— Да ты что? — вскричал я. — Ты и знать ничего не могла, тебе ж было…
— Полтора года — ну и что? Бабушка рассказывала. Пуля в сердце не попала, мама неправильно выстрелила. Она долго лежала в госпитале, а я была у бабушки и деда. А когда мама вернулась, она была другая. Плакала часто. Или сидела как мертвая. Потом бабушка ее устроила к себе на швейную фабрику. Мы долго жили там, на Козьем Болоте. Потом у Шурки начались скандалы с мужем, и мы с мамой перешли обратно на Красную…
— У какой Шурки?
— Ну, у Шуры Безрук. Ты ж знаком, кажется. Спирт у нее пьешь.
— А… Всего только раз и выпил. Я с ее мужем знаком, мы воевали вместе…
— Счас у Шурки муж другой. А тогда был хулиган. Вообще-то тихий он был и мастер хороший, закройщик в артели «Новый быт», там и Шурка работала, тоже швейница. Так-то тихий, а хлебнет — и пошло, и пошло! Шурка прибегала к нам, спасалась. Дед однажды ей говорит: «Чего ты бегаешь от него? Ты ж сильная. Возьми скалку, когда он с пьяными кулаками полезет, вытяни его как следует по хребту». Шурка так и сделала. Только он к ней — она его скалкой раз! — и он лежит, на головную боль жалуется.
Я засмеялся:
— Дед сказал — по хребту, а она, значит, по голове?
Катя из глубин шубейки достала пакетик, а из него белую конфету-»подушечку».
— Хочешь половину?
Я отказался. Катя положила конфету в рот и принялась с удовольствием ее сосать.
— Ужасно сладкое люблю, — объявила она. — Да, так вот. Григорий прямо из себя выходил…
— Какой Григорий?
— Господи! Елки зеленые! Ну, Шуркин муж!
— А-а…
— «А-а»! — передразнила она. — С первого разу ничего не понимаешь. Григорий терпел, терпел, что Шурка его дубасила…
— И бросил пить?
— Как бы не так! Ты шрам у нее на щеке видел? Это Григорий «пропахал», полез с ножом. Шурка от него с криками — к нам. Дед вышел, выбил нож у него, дурака, и скрутил. А Шурка — в милицию. Судили Григория. Как раз война началась на другой день. Боря, ты не представляешь, какой дед был крепкий! А голода не выдержал.
— Он что — умер?
— Ну да, в начале декабря. Скоро год. Опять мы остались — # бабий ковчег, без мужиков.
— А отчим? — спросил я.
— Так Володю сразу мобилизовали, как война началась!
— Вернулся на «Октябрину»?
— Нет.
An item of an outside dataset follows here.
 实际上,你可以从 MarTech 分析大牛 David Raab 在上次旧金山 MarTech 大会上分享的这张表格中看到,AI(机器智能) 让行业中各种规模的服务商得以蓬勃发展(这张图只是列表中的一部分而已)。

Он, конечно, хотел опять на «Октябрину», но его послали на эсминец «Сметливый».
— «Сметливый»? Постой… — Я вспомнил: еще на Ханко, в начале эвакуации, называли этот эсминец… — Катя! «Сметливый» же подорвался на минах между Ханко и Гогландом…
— Да, они с Ханко шли… Там часть команды спаслась, к нам приходил один моряк со «Сметливого», мы от него узнали, что Володя погиб. А ты откуда знаешь?
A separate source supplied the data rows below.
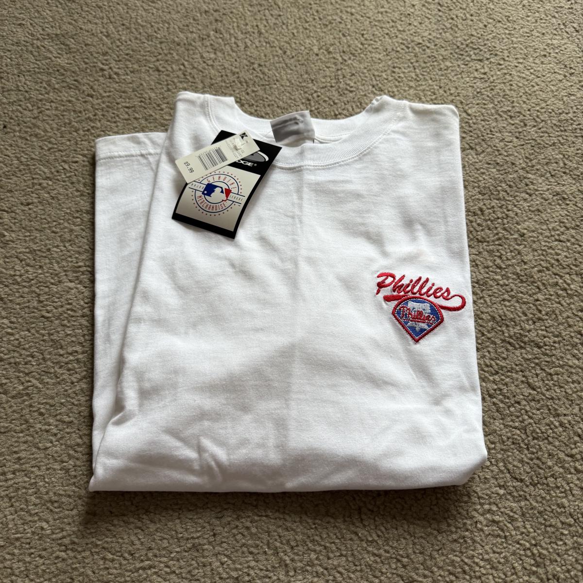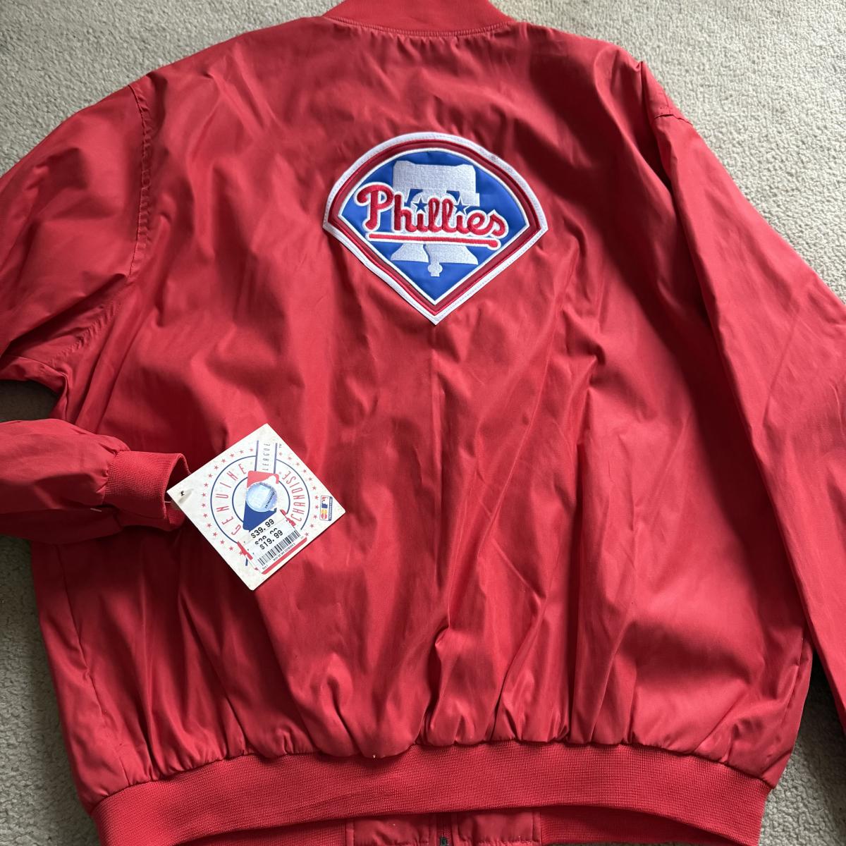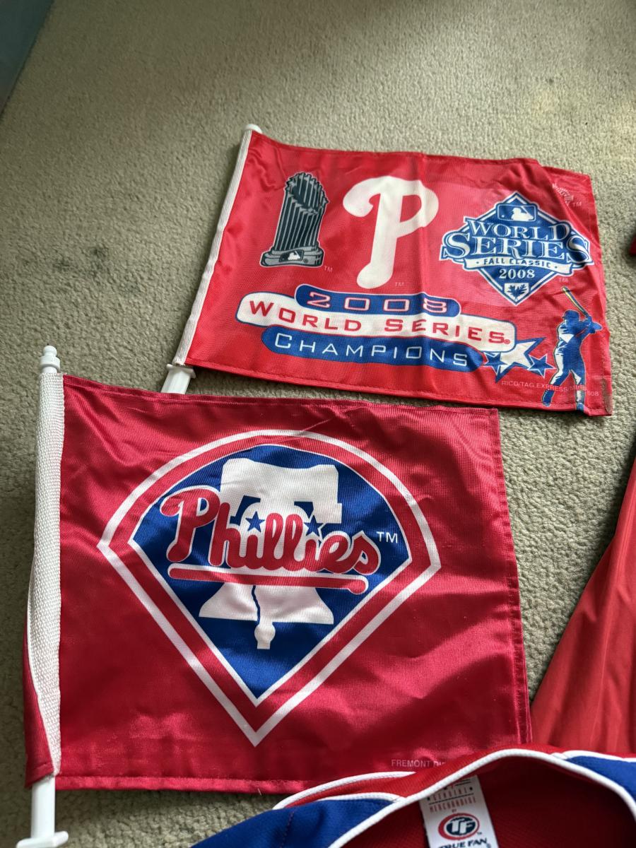 LOT 224L: MLB Philadelphia Phillies Fandom Collection: NWT Windbreaker (XL), #25 Jim Thome True Fan Jersey (L), T-Shirts, Hat & Car Flags
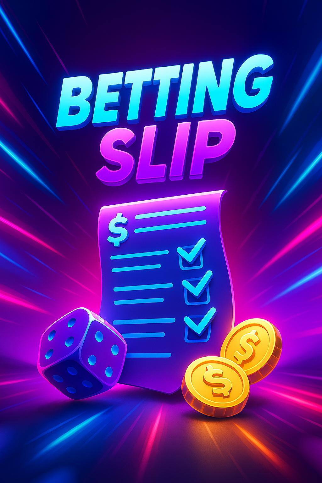/Collection: /by davooda/Type: PNG/A vibrant, neon-themed illustration of a betting slip, featuring glowing elements, dynamic lines, and colorful coins. The design captures a lively atmosphere with a smooth gradient background.
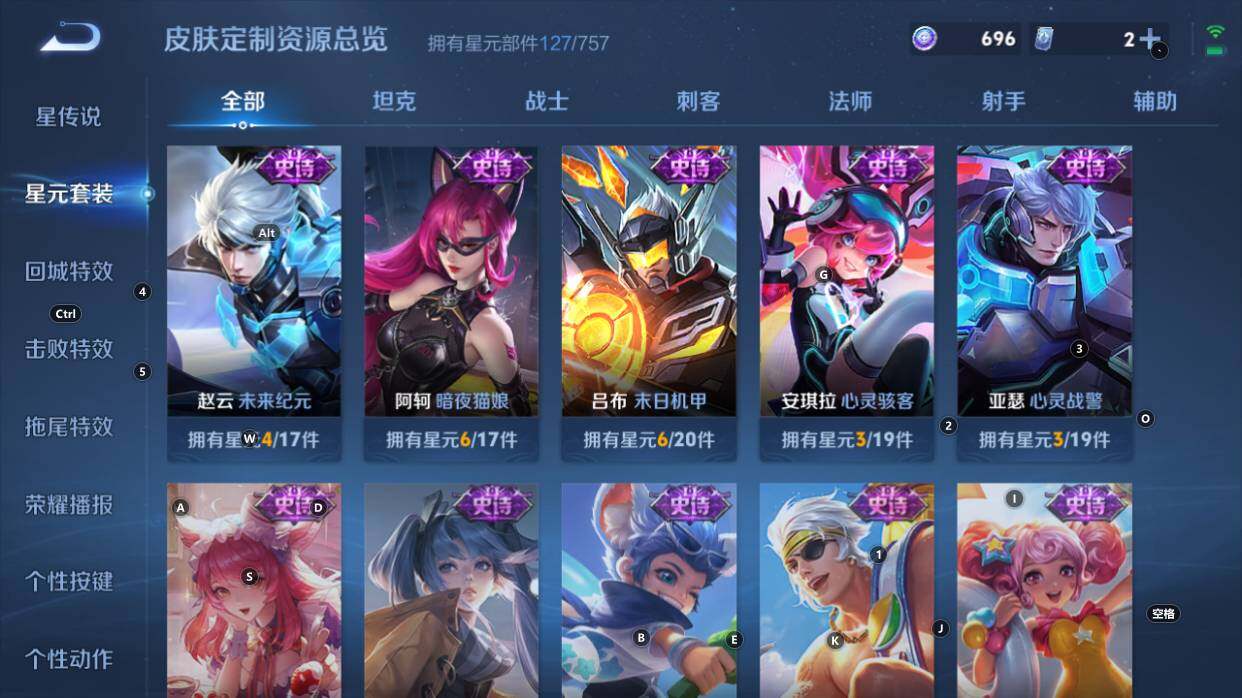 3太阳3月亮3星星0违规,4按键 安卓Q-V5-125英雄-195皮肤-5传说-54史诗
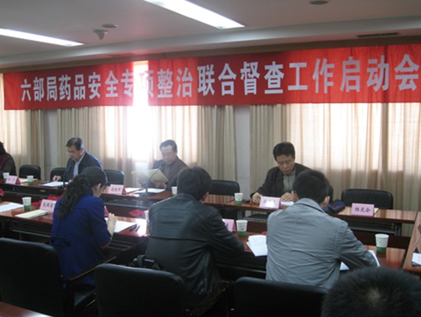 11月1日,卫生部、公安部、工业和信息化部、工商总局、食品药品监管局、中医药局等六部局药品安全专项整治联合督查工作启动会在京召开。国家食品药品监管局副局长边振甲出席会议并讲话。根据安排,11月上中旬,六部局督查组共6组,分赴山西、浙江、山东、江苏、河南、甘肃、四川、重庆、河北、贵州、辽宁、黑龙江等12个省市进行药品安全专项整治联合督查。当天下午,督查组已开赴河南进行督查。

— Так я же был на Ханко. Мы, между прочим, тоже подорвались на минах.
Катя задумчиво посмотрела на меня, посасывая с легким чмокающим звуком свою «подушечку».
— Видишь, ты живой, — сказала она, — а Володе не повезло… И маме… — Ее глаза опять наполнились слезами. — Какой он был веселый, Боря! Ты не представляешь! Все с шуточками. Мама с ним прямо ожила. Она снова стала смеяться! Володя на нее замечательно действовал. Знаешь, как ее называл? «Линейка»!
— Почему?
— Ну, маму зовут Лилия, он придумал — Линия, а от Линии — уже «Линейка». «Линейка! — кричит. — Меня пожалей-ка, супу налей-ка!» Он ее уговорил уйти со швейной фабрики, мама поступила на курсы медсестер, ей учиться нравилось… Боря, она два года — два года! — опять была счастливая! — Катя всхлипнула. — А мы с Володей пели. Он знаешь какой был музыкальный? Мы какие хочешь песни пели в два голоса, а на баяне он мог любой мотив подобрать. Такой слух!
— Спой что-нибудь, — попросил я.
— Вот еще! Как раз в такой холодине… Я, знаешь, ходила в детскую хоровую группу Дома Флота. По пятым дням шестидневки там были занятия. А Володя не только пел, он замечательно играл. Как артист. Постановки ставил! Вон афиша, видишь?
Рядом с фотографиями висел листок серой бумаги, на нем значилось строгим типографским шрифтом:
— «Сынишка», — сказал я. — Что за пьеса? Никогда не слыхал. Может, по роману Тургенева «Отцы и дети»?
— Ты скажешь! — Катя хихикнула.
— А ты, значит, Велигжанова?
— Нет, я Завязкина. Боря, пойдем, а то я замерзла.
— Спой что-нибудь, Катя Завязкина.
— Пой сам, если хочешь.
— У меня нет слуха. Но петь я люблю. Голос у меня хороший.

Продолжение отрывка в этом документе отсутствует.